(Records from a dataset)
──────────
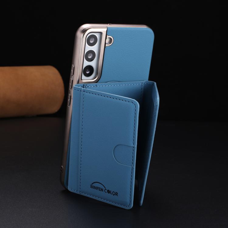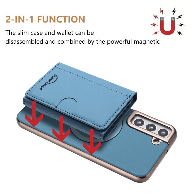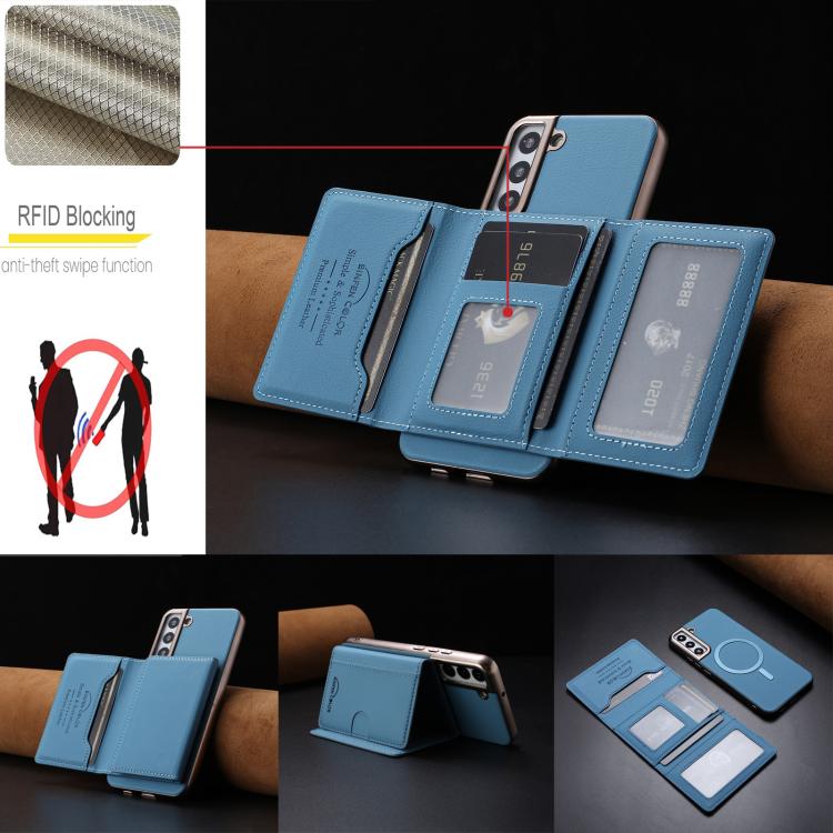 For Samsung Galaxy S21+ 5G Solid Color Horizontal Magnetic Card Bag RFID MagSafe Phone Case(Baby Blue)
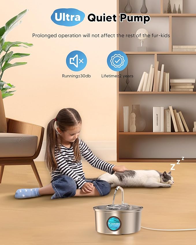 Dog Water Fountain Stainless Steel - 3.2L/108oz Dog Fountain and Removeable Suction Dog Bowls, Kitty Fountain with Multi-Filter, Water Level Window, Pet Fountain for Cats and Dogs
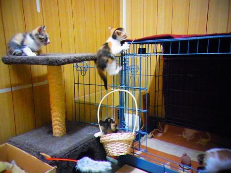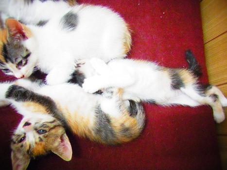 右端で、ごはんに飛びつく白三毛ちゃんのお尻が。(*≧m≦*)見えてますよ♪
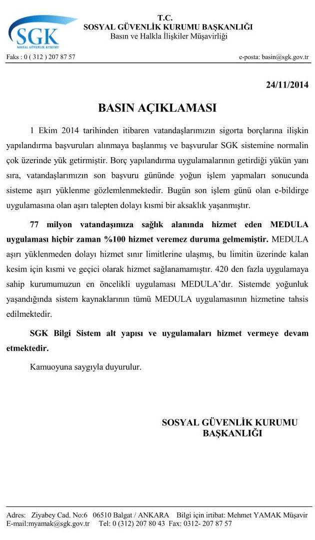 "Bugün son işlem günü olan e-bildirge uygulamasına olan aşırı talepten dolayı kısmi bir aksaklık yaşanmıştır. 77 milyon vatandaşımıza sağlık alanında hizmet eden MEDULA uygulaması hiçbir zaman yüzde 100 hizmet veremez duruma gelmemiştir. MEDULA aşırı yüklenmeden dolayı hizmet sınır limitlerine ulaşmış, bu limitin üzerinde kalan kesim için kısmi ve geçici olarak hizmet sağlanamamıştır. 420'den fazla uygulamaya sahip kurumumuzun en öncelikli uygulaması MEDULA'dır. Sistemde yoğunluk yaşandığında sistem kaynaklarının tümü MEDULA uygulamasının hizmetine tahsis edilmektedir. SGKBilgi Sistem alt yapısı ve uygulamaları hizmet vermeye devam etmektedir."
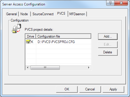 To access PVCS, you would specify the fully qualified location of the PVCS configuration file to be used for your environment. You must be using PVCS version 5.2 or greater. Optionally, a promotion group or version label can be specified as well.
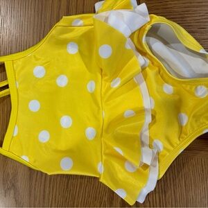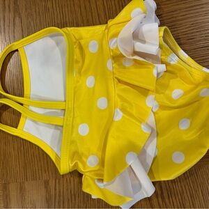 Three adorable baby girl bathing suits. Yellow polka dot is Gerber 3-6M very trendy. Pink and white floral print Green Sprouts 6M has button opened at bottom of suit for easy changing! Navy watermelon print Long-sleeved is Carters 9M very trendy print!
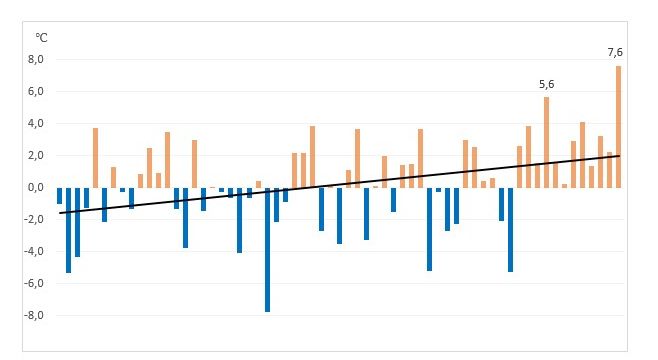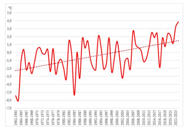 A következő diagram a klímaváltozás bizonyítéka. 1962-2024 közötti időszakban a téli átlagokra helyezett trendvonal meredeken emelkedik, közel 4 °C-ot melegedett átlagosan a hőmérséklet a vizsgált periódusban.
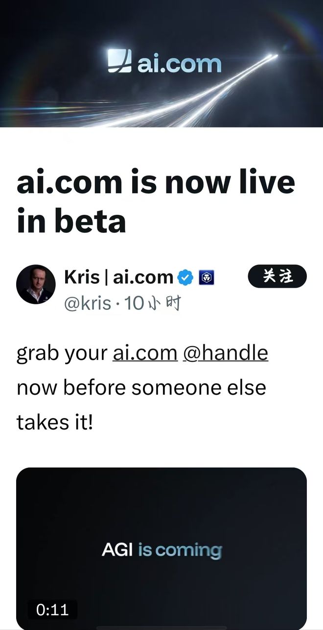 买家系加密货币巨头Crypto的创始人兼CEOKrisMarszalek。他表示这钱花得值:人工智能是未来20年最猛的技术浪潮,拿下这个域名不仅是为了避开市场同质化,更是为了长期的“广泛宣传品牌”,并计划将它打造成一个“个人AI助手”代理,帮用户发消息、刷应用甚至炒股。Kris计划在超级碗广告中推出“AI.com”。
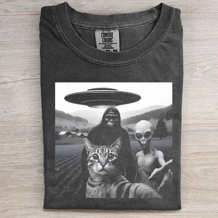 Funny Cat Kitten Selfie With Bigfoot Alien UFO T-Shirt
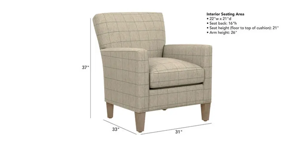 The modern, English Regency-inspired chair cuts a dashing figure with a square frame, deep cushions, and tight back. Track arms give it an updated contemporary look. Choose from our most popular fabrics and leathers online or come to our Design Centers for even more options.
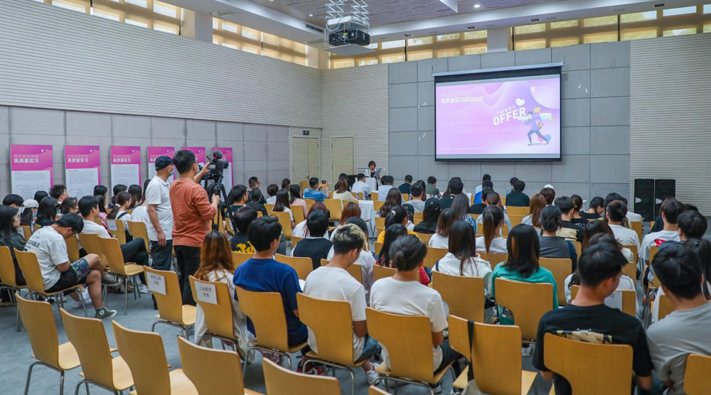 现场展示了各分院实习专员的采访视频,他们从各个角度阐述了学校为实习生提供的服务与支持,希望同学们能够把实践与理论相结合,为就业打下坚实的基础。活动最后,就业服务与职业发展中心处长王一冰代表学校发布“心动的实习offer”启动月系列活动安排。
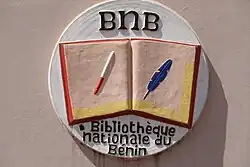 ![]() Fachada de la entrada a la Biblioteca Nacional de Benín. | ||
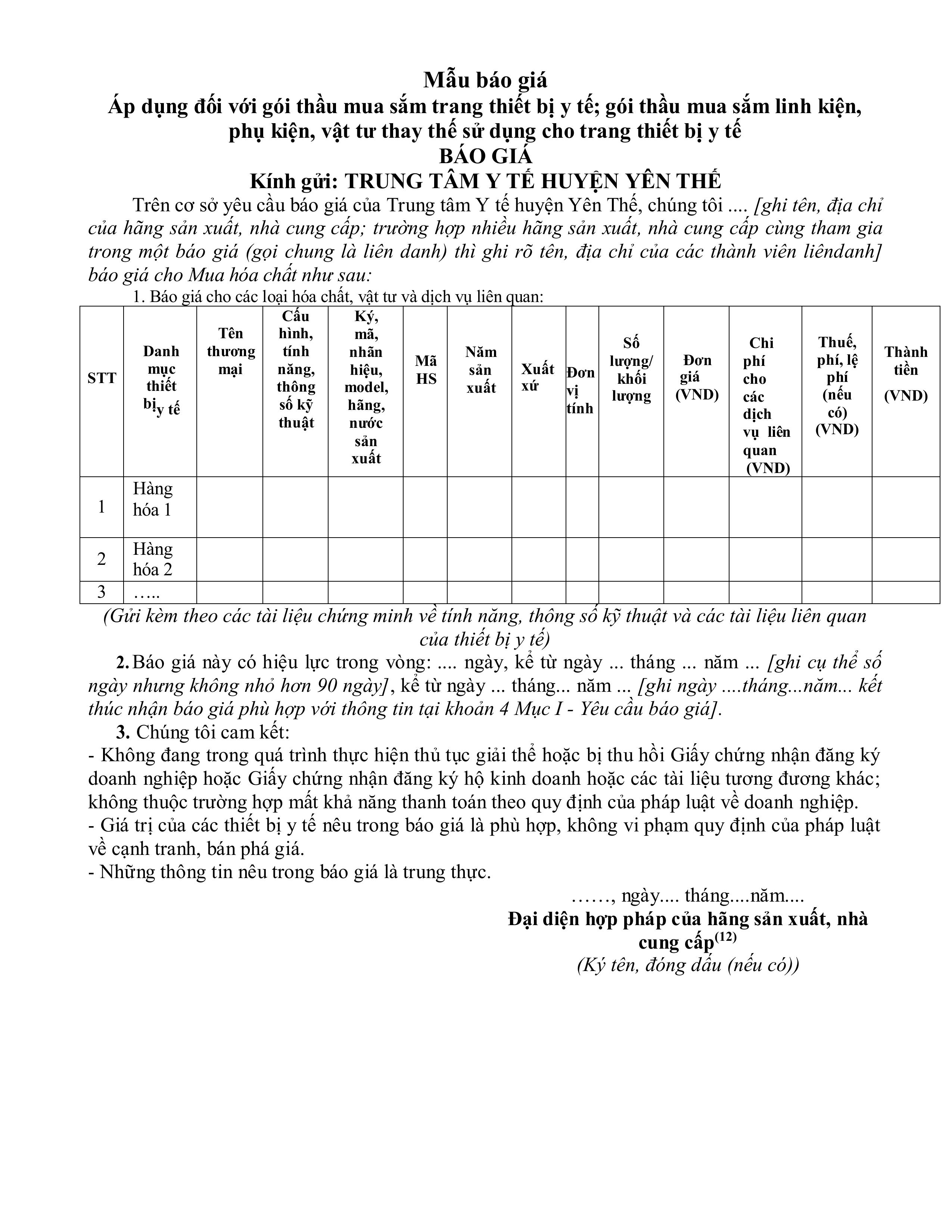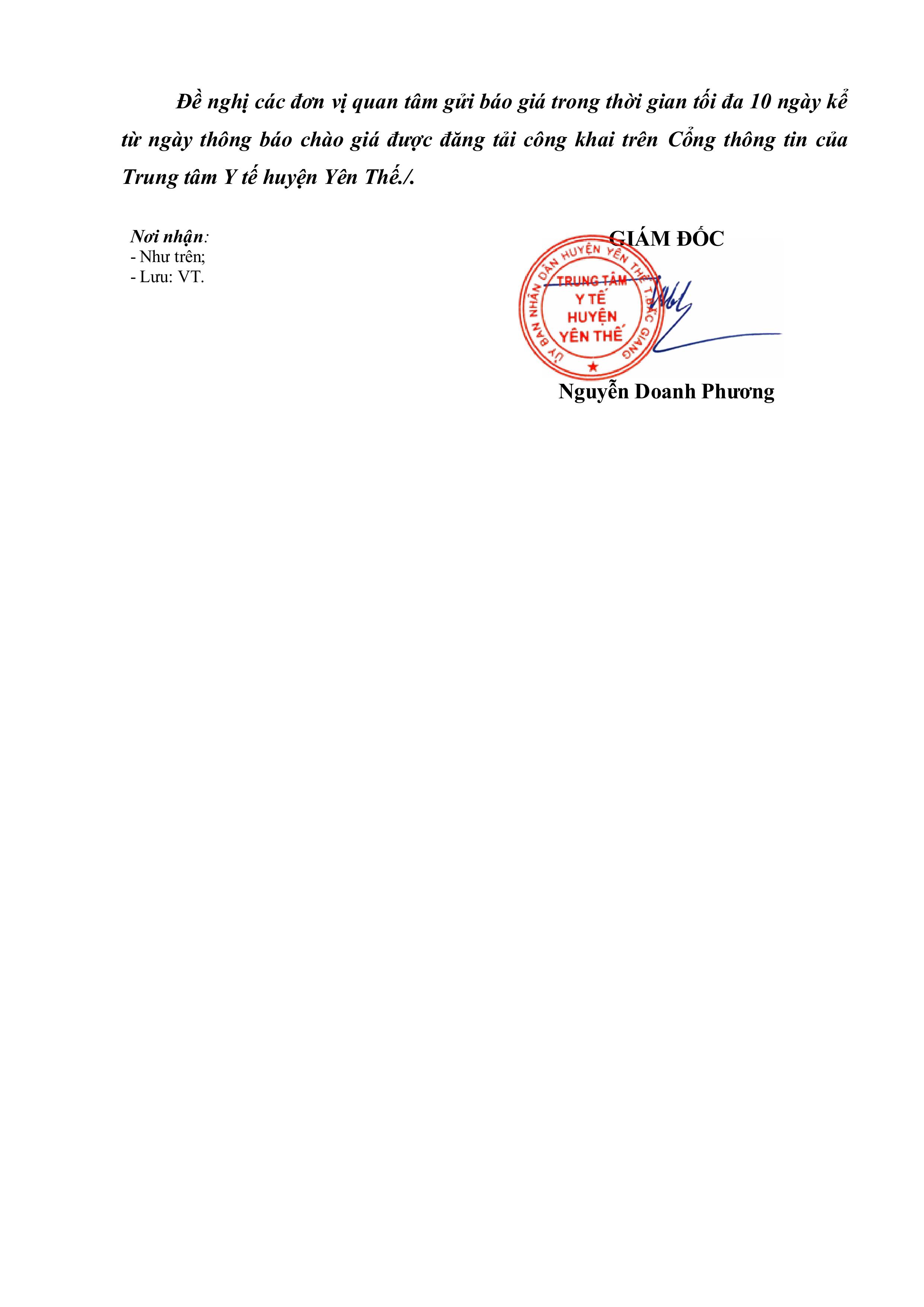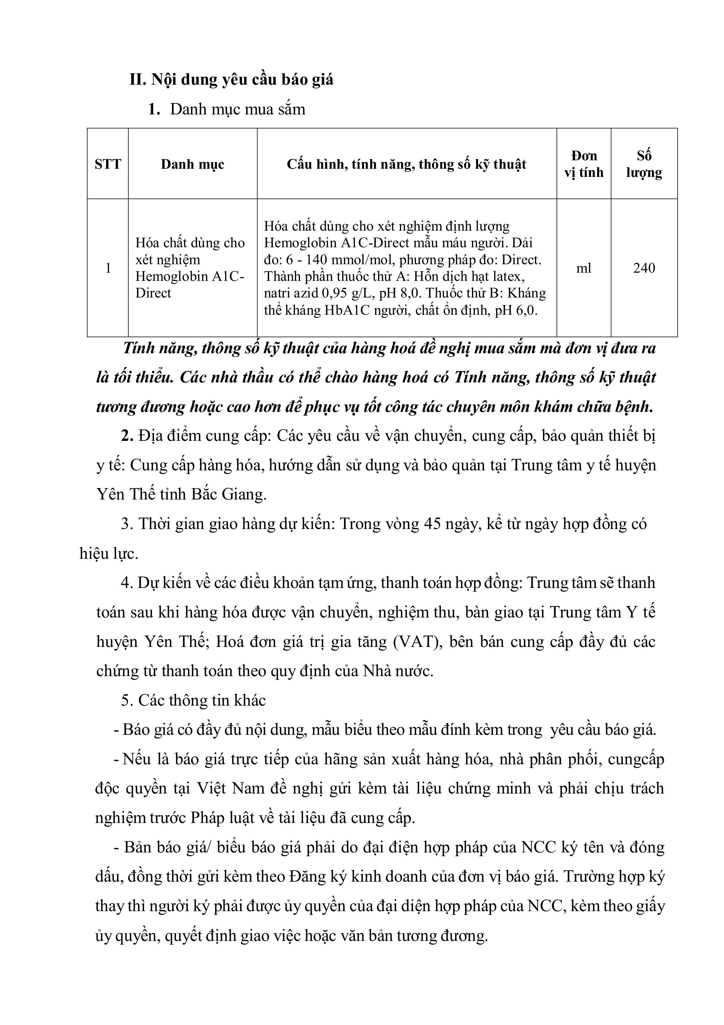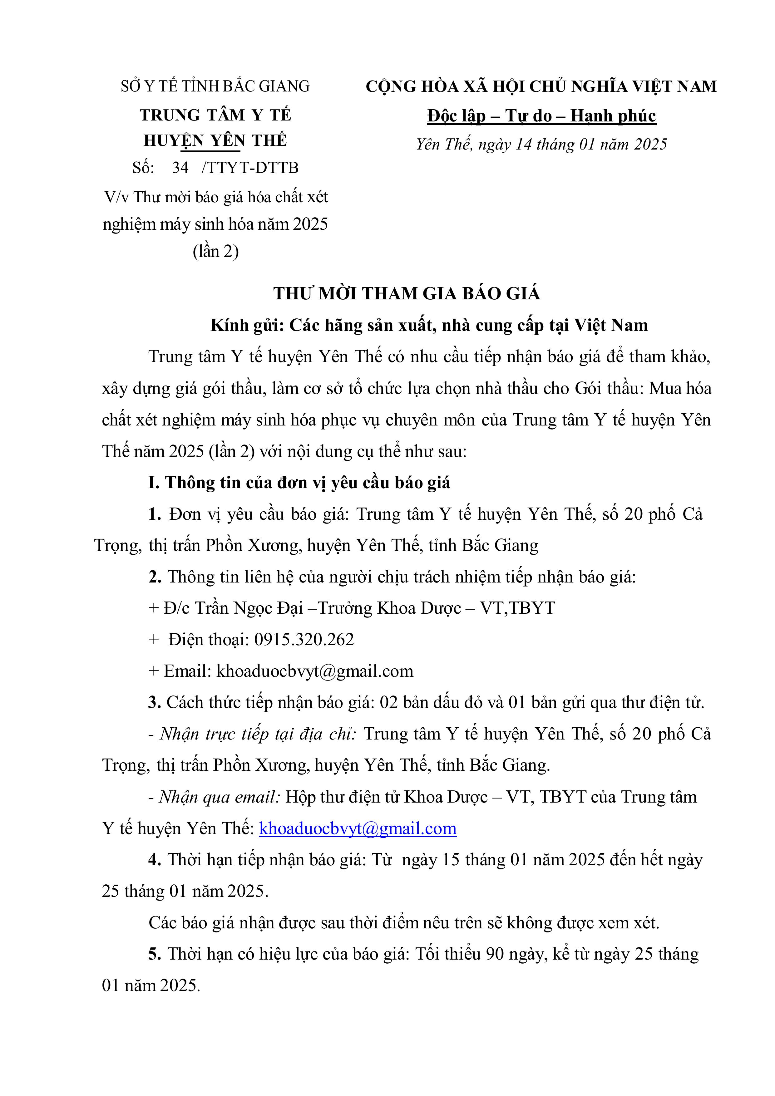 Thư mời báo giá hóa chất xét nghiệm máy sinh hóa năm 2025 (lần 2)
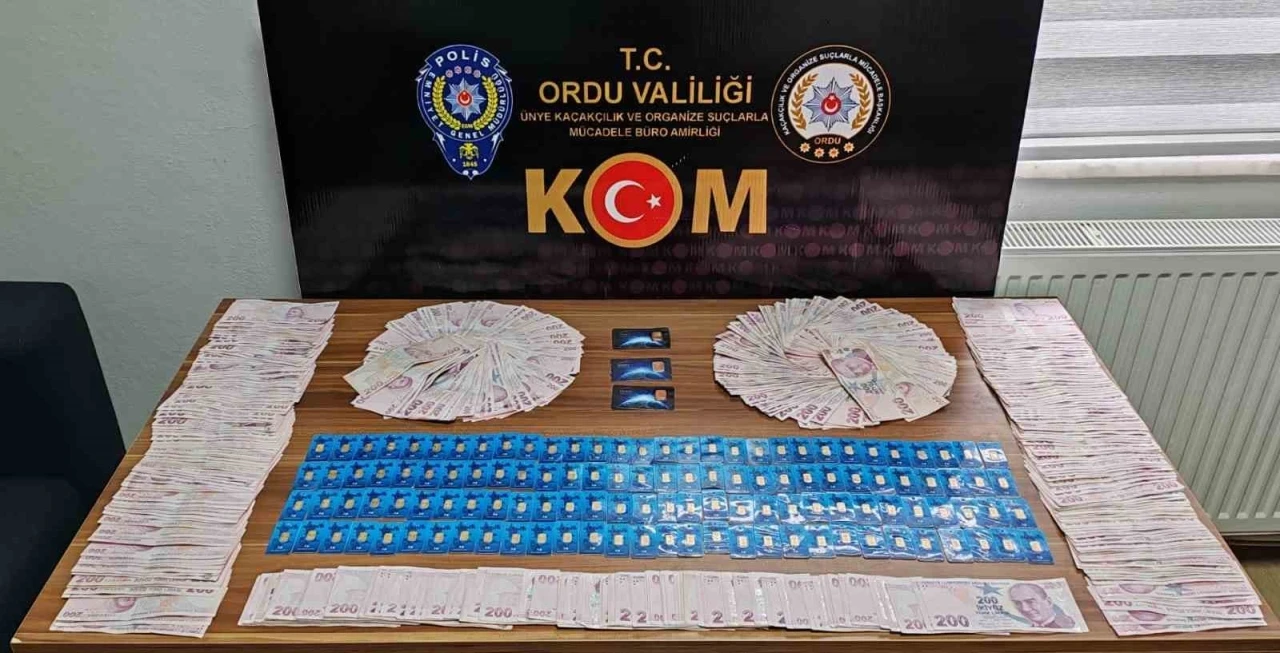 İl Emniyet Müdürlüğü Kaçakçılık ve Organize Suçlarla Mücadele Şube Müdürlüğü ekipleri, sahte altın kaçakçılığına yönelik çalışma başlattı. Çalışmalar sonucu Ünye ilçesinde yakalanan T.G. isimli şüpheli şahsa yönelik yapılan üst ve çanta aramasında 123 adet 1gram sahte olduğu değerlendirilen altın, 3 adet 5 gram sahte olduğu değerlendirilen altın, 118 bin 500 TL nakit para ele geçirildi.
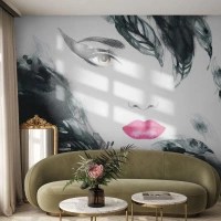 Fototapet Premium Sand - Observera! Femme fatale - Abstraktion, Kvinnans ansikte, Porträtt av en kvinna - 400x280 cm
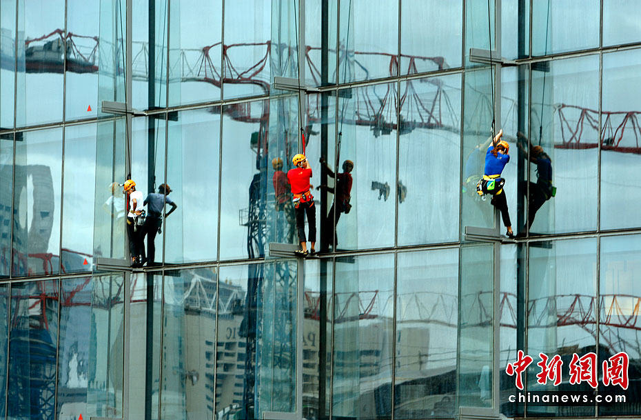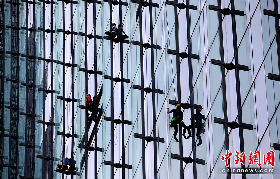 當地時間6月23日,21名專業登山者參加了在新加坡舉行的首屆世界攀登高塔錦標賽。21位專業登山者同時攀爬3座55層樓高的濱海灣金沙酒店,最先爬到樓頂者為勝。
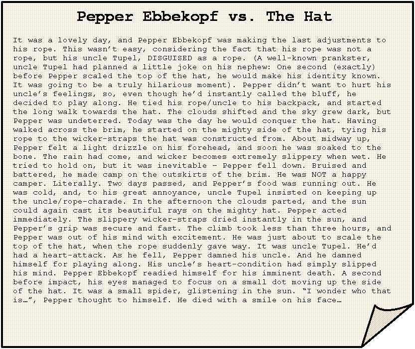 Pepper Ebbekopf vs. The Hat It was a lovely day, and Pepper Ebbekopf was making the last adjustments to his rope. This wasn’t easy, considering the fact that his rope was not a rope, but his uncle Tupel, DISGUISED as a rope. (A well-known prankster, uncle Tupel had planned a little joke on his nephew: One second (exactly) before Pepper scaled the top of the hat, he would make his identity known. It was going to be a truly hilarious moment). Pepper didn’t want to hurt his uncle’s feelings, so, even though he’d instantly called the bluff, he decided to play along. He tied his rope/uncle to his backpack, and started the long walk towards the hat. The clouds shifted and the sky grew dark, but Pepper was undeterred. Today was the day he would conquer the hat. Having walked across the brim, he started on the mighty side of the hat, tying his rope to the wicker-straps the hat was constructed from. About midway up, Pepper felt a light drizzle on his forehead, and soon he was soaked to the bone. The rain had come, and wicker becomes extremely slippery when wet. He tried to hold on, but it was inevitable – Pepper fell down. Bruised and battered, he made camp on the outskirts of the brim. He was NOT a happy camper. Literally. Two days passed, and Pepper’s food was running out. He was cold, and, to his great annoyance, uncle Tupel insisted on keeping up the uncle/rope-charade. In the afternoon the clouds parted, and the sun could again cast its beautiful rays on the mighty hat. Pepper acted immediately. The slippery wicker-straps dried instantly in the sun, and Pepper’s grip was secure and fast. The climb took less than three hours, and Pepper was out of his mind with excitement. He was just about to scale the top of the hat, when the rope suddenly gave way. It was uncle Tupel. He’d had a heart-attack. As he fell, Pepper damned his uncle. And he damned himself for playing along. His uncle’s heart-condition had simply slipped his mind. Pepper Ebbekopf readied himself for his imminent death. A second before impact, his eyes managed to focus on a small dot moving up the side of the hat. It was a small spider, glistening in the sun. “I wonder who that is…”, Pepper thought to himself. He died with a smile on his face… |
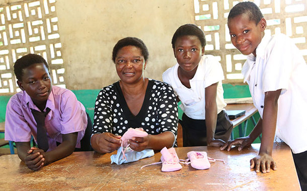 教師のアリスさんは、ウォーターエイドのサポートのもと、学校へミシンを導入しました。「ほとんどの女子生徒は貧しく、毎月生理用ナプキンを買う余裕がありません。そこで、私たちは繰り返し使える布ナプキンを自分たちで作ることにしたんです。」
──────────
→ Work request: Print exactly the lines above that run from the one with "son işlem günü" down to the one with "A következő diagram", and omit the pictures.

→ Output of the task:
 "Bugün son işlem günü olan e-bildirge uygulamasına olan aşırı talepten dolayı kısmi bir aksaklık yaşanmıştır. 77 milyon vatandaşımıza sağlık alanında hizmet eden MEDULA uygulaması hiçbir zaman yüzde 100 hizmet veremez duruma gelmemiştir. MEDULA aşırı yüklenmeden dolayı hizmet sınır limitlerine ulaşmış, bu limitin üzerinde kalan kesim için kısmi ve geçici olarak hizmet sağlanamamıştır. 420'den fazla uygulamaya sahip kurumumuzun en öncelikli uygulaması MEDULA'dır. Sistemde yoğunluk yaşandığında sistem kaynaklarının tümü MEDULA uygulamasının hizmetine tahsis edilmektedir. SGKBilgi Sistem alt yapısı ve uygulamaları hizmet vermeye devam etmektedir."
 To access PVCS, you would specify the fully qualified location of the PVCS configuration file to be used for your environment. You must be using PVCS version 5.2 or greater. Optionally, a promotion group or version label can be specified as well.
 Three adorable baby girl bathing suits. Yellow polka dot is Gerber 3-6M very trendy. Pink and white floral print Green Sprouts 6M has button opened at bottom of suit for easy changing! Navy watermelon print Long-sleeved is Carters 9M very trendy print!
 A következő diagram a klímaváltozás bizonyítéka. 1962-2024 közötti időszakban a téli átlagokra helyezett trendvonal meredeken emelkedik, közel 4 °C-ot melegedett átlagosan a hőmérséklet a vizsgált periódusban.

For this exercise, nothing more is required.